The architecture of cjsonx is designed around extreme performance and memory locality. It achieves parse speeds in excess of 1.0 GB/s by decoupling the parsing process into two distinct phases: SIMD Structural Scanning (Stage 1) and Recursive Descent Parsing (Stage 2).
This approach was pioneered by simdjson and popularized in C by yyjson. cjsonx builds upon these foundations by introducing the Eisel-Lemire float parsing algorithm into the lexical layer for incredibly fast numerical decoding.
In standard parsers, the CPU spends the vast majority of its time checking every single character one by one (if (c == ' ') continue;). This causes massive pipeline stalls and branch mispredictions.
cjsonx completely avoids this. Instead, it reads the JSON payload in 32-byte (AVX2) or 16-byte (NEON) chunks.
- Bitmask Generation: SIMD instructions are used to compare the chunk against structural characters (
{,},[,],:,,,"). - String Escaping: A secondary SIMD pass identifies the start and end of strings, ensuring that characters inside strings (like a colon
:inside"time: 12:00") are masked out and ignored. - Tape Creation: The indices of all valid structural characters are compressed into a "Tape" (an array of integers).
By the end of Stage 1, we have a complete map of the JSON structure. Whitespace is mathematically ignored at a speed of several gigabytes per second.
With the Tape constructed, the parser no longer reads the JSON character by character. It jumps directly from one structural character to the next.
- Computed Gotos: On supported compilers (GCC/Clang), the central switch statement is replaced with a dispatch table (
goto *dispatch_table[c]). This allows the CPU's branch predictor to track the flow of JSON states independently, significantly reducing branch mispredictions and boosting parse speed by 10-15%. - Flat Arena Allocation: Instead of calling
malloc()for every object, array, or string,cjsonxallocates a single block of memory (an Arena) upfront. - 16-byte Nodes: Every JSON element (whether it's a number, a string reference, or an object) is represented by a highly compressed 16-byte structure (
cjsonx_node_t).- 8 bytes for data (a
double, a string length, or child indices). - 8 bytes for metadata (type, tape index).
- 8 bytes for data (a
- Cache Locality: Because nodes are stored sequentially in the Arena array, traversing the DOM tree is extremely cache-friendly, leading to massive speedups during querying (
cjsonx_get).
When parsing strings, cjsonx achieves zero-copy speeds wherever possible. If a string contains escape characters or control characters, it must be validated and potentially re-allocated.

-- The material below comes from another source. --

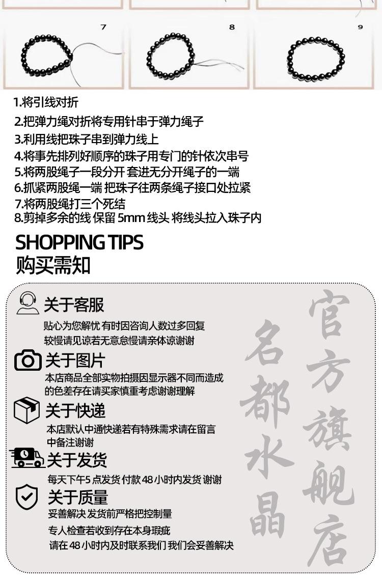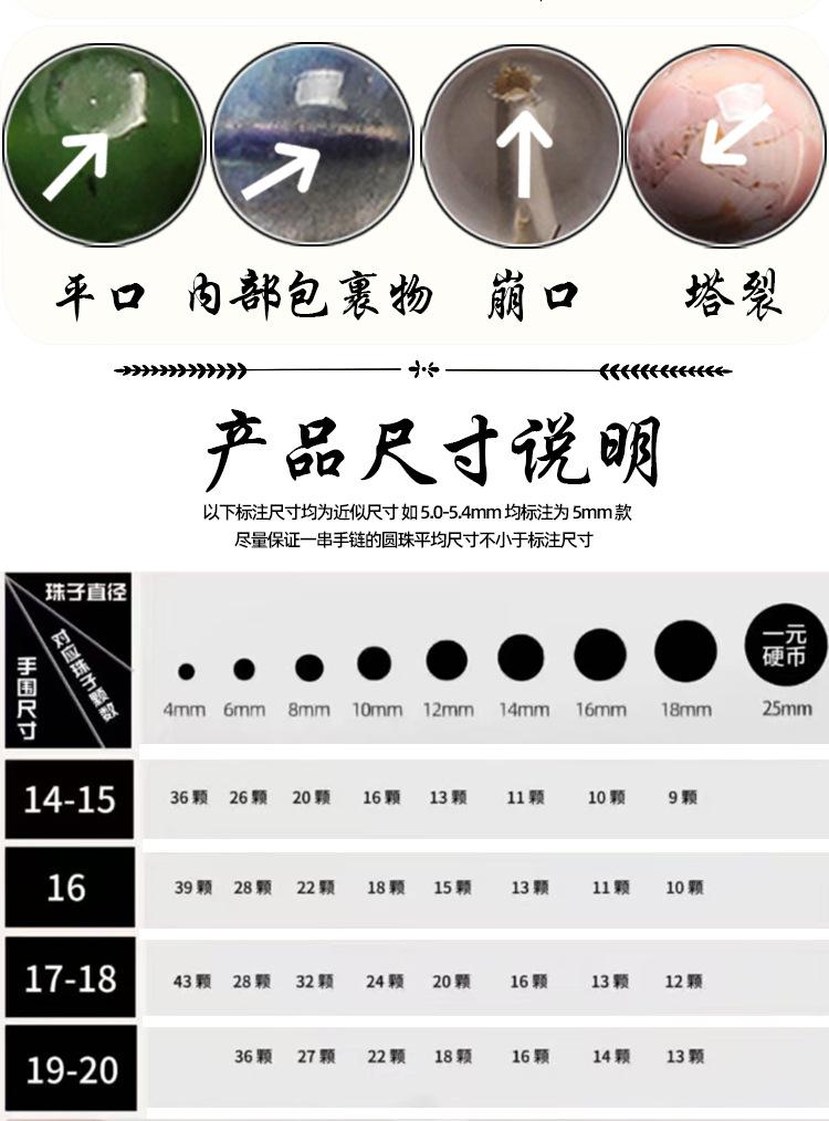 El producto puede presentar restos de algodón, grietas por hielo, defectos minerales, manchas negras, revistas, etc., así como otros defectos causados por factores humanos durante el pulido. Algunas cuentas de la pulsera pueden presentar ligeras diferencias de tamaño. Por favor, comprenda.
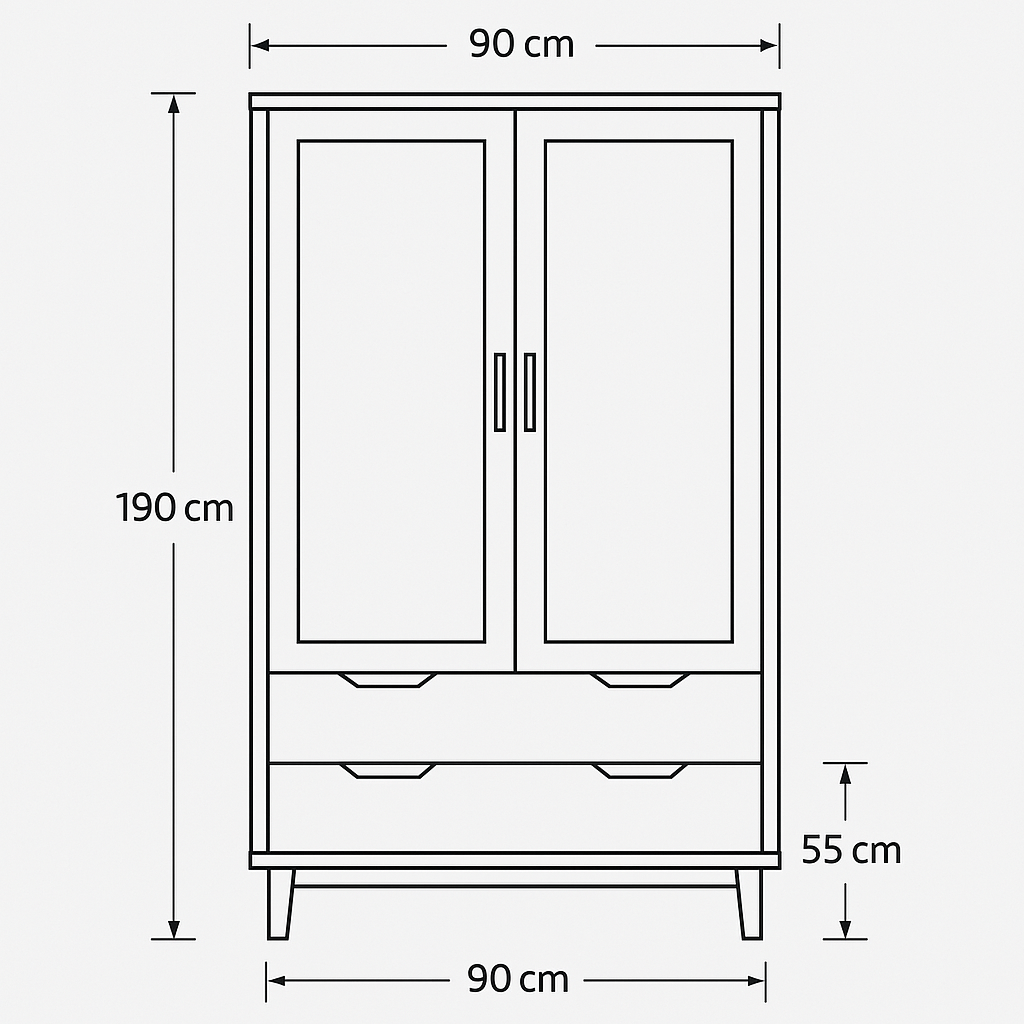 Deze kledingkast is een stevige en stijlvolle oplossing voor het netjes opbergen van kleding en accessoires. De kast is volledig gemaakt van massief hout, wat zorgt voor een warme, natuurlijke uitstraling en een lange levensduur. Dankzij het tijdloze ontwerp past de kast goed in zowel moderne als klassieke interieurs.

To maximize throughput, cjsonx uses Single-Pass SIMD & SWAR techniques:
- SIMD (AVX2/NEON/WASM): It scans 16 to 32 bytes at a time, checking for escapes (
\), non-ASCII characters, and raw control characters (< 0x20) simultaneously in a single CPU instruction. - SWAR (SIMD Within A Register): On older platforms without vector instructions, it loads 8 bytes into a 64-bit register and uses bitwise arithmetic to validate the entire block concurrently without looping character-by-character.
Most fast parsers use standard 64-bit IEEE 754 conversions (strtod or custom integer math) which can be extremely slow and sometimes inaccurate on complex edge cases.
cjsonx leverages the Eisel-Lemire Algorithm directly in the parsing pipeline:
- As the parser reads a number, it accumulates the mantissa and exponent using fast 64-bit integer arithmetic.
- It then performs a high-precision table lookup (using a precomputed table of powers of 10) and a 128-bit multiplication (
__uint128_tor emulated on 32-bit platforms). - This guarantees that 99.9% of all floating-point numbers are resolved exactly and correctly in a single fast-path operation without any floating-point math overhead.
- If the number is an extreme edge case that the fast path cannot perfectly resolve, it gracefully falls back to the standard C library (
strtod) to guarantee 100% correctness.